======== INFORMATION GIVEN ========
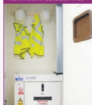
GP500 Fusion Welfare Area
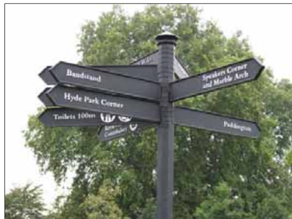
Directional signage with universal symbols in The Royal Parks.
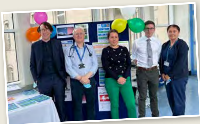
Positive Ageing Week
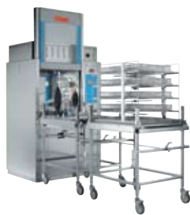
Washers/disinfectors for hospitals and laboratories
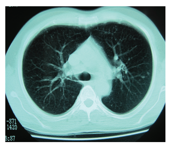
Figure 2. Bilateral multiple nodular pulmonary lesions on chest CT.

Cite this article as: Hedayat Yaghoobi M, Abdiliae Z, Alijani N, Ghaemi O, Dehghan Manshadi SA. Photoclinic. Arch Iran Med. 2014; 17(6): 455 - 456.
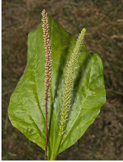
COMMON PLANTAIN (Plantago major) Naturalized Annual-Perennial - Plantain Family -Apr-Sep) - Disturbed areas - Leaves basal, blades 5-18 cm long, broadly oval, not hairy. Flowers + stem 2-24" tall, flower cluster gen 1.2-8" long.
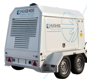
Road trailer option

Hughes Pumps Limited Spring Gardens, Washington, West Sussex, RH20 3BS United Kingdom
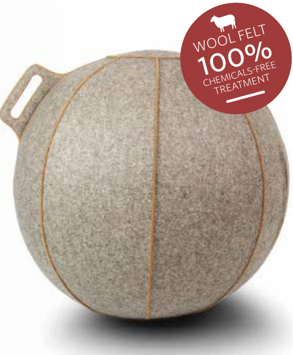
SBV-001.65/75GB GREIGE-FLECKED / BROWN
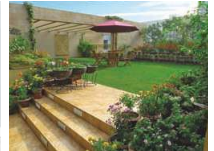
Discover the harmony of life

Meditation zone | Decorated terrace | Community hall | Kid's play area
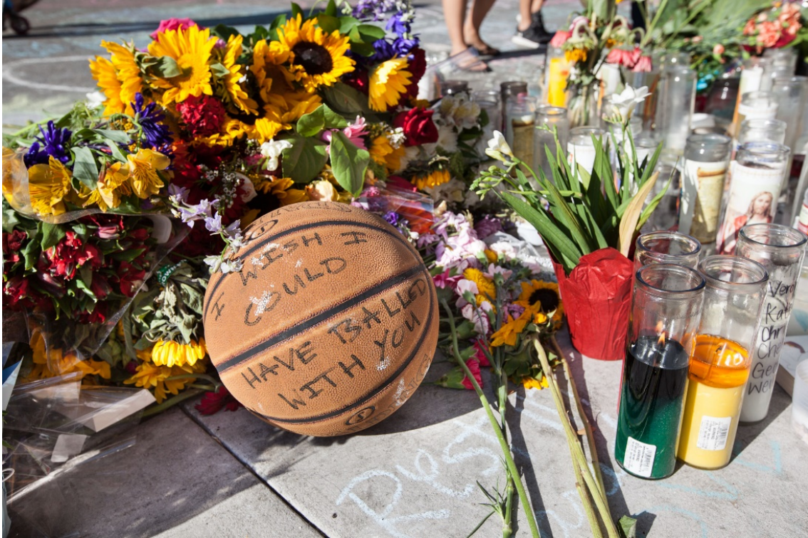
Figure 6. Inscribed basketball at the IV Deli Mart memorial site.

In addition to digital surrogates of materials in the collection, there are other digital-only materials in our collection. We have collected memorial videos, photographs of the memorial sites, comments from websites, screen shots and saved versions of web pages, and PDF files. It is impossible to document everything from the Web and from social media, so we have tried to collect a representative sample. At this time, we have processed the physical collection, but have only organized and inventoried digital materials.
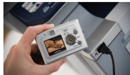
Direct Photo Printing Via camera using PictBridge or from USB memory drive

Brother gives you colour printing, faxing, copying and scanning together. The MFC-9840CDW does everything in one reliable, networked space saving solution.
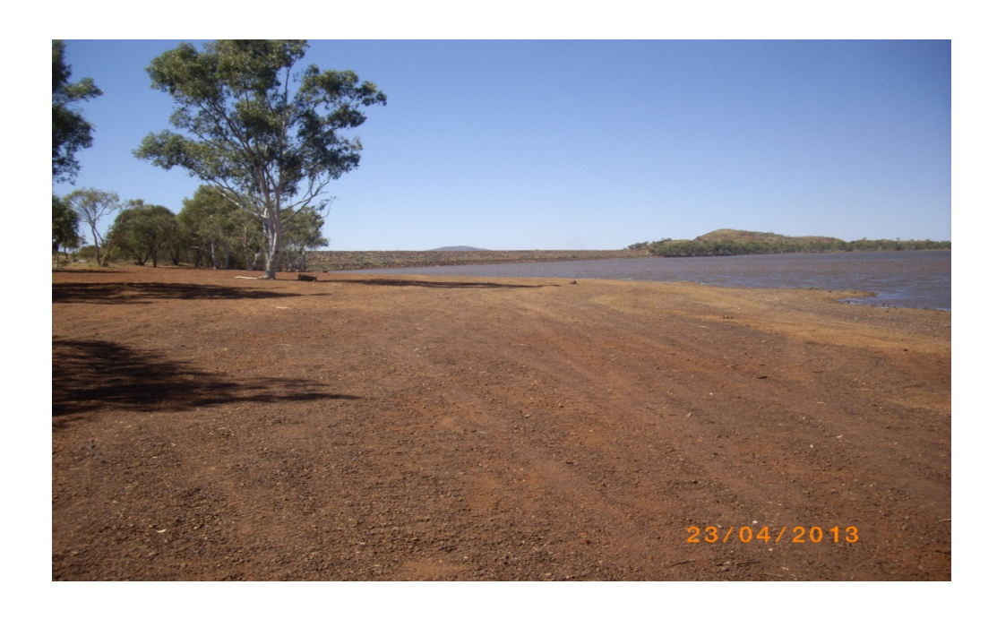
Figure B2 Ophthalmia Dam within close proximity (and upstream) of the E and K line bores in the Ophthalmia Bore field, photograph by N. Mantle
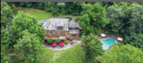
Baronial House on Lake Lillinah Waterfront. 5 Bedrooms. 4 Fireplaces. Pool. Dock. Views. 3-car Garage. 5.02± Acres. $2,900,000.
========
======== INFORMATION GIVEN ========
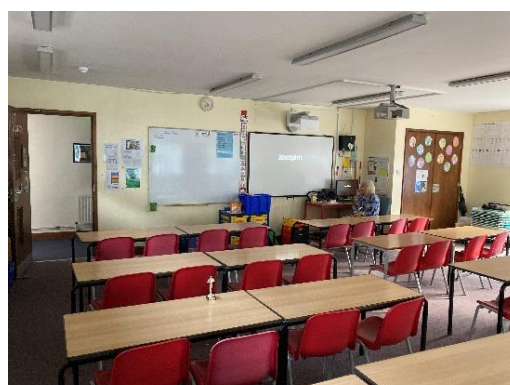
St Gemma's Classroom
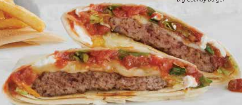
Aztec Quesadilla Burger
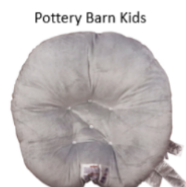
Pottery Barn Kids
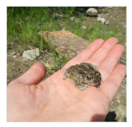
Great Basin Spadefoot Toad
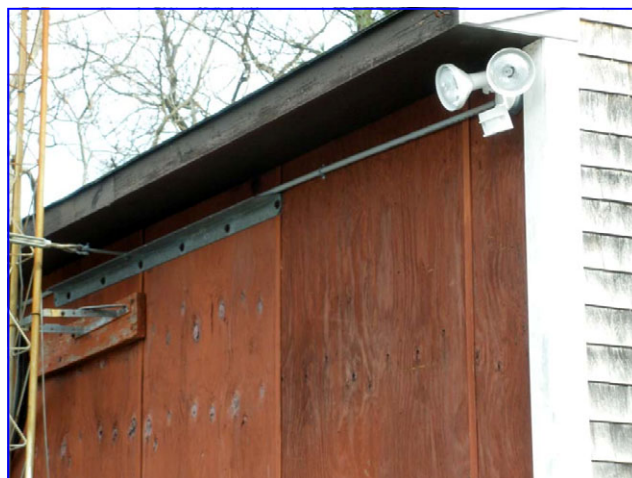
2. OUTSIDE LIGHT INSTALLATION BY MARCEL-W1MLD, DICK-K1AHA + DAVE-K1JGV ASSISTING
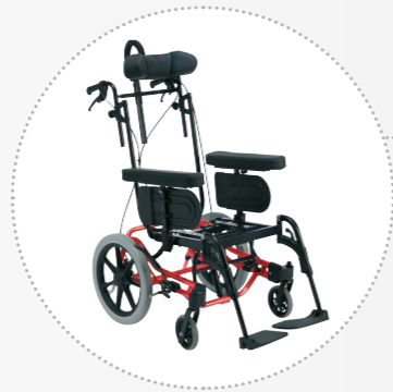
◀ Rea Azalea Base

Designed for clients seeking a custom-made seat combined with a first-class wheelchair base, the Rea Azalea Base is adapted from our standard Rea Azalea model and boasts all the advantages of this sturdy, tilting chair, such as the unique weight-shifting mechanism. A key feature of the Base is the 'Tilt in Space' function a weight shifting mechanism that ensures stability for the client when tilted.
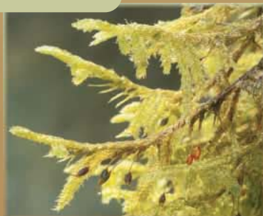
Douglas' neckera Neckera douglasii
========
======== INFORMATION GIVEN ========
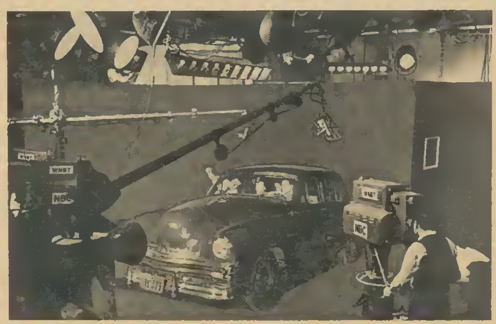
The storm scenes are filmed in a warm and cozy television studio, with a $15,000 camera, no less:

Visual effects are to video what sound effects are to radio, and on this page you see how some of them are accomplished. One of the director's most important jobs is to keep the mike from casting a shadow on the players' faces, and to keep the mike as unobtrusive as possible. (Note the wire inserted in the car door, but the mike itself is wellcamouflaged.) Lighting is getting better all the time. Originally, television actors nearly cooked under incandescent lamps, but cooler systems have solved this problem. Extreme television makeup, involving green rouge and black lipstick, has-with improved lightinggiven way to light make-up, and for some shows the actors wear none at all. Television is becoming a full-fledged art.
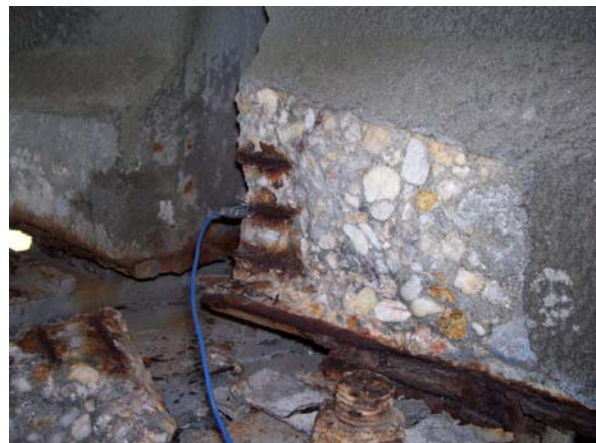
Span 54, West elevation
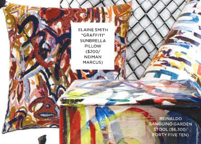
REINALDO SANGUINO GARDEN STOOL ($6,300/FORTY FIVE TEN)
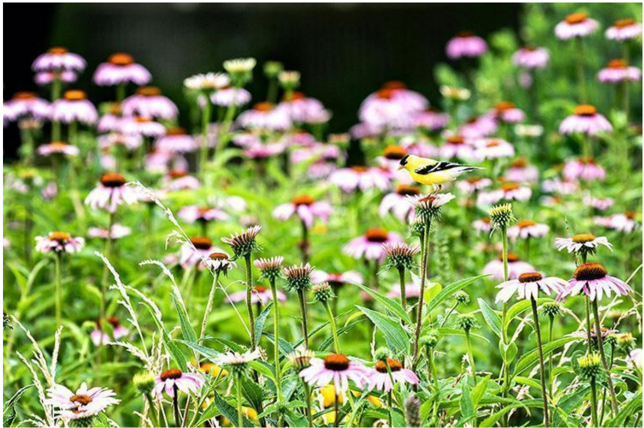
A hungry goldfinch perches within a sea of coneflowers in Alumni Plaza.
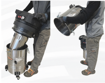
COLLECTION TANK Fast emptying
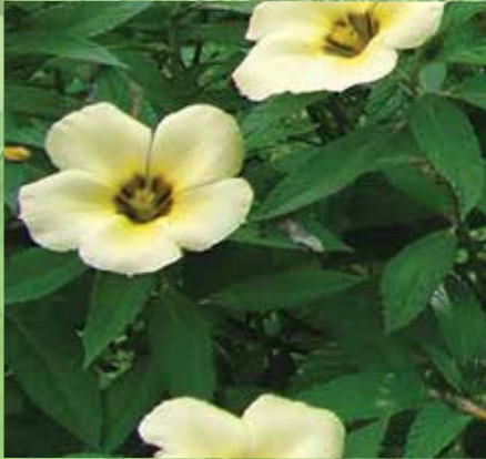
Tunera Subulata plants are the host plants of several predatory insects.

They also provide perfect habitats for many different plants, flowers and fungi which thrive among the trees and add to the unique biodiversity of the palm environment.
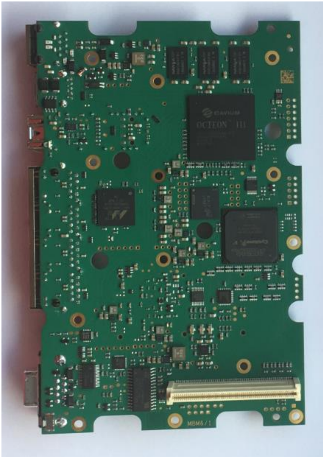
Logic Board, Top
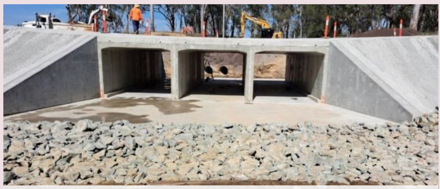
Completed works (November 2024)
========
◆ PROBLEM DESCRIPTION ◆
No picture is to be printed. Output exactly the lines above from the line containing "Brother gives you" through the line containing "Baronial House on".

◆ THE COMPLETED TASK ◆
Brother gives you colour printing, faxing, copying and scanning together. The MFC-9840CDW does everything in one reliable, networked space saving solution.
Figure B2 Ophthalmia Dam within close proximity (and upstream) of the E and K line bores in the Ophthalmia Bore field, photograph by N. Mantle
Baronial House on Lake Lillinah Waterfront. 5 Bedrooms. 4 Fireplaces. Pool. Dock. Views. 3-car Garage. 5.02± Acres. $2,900,000.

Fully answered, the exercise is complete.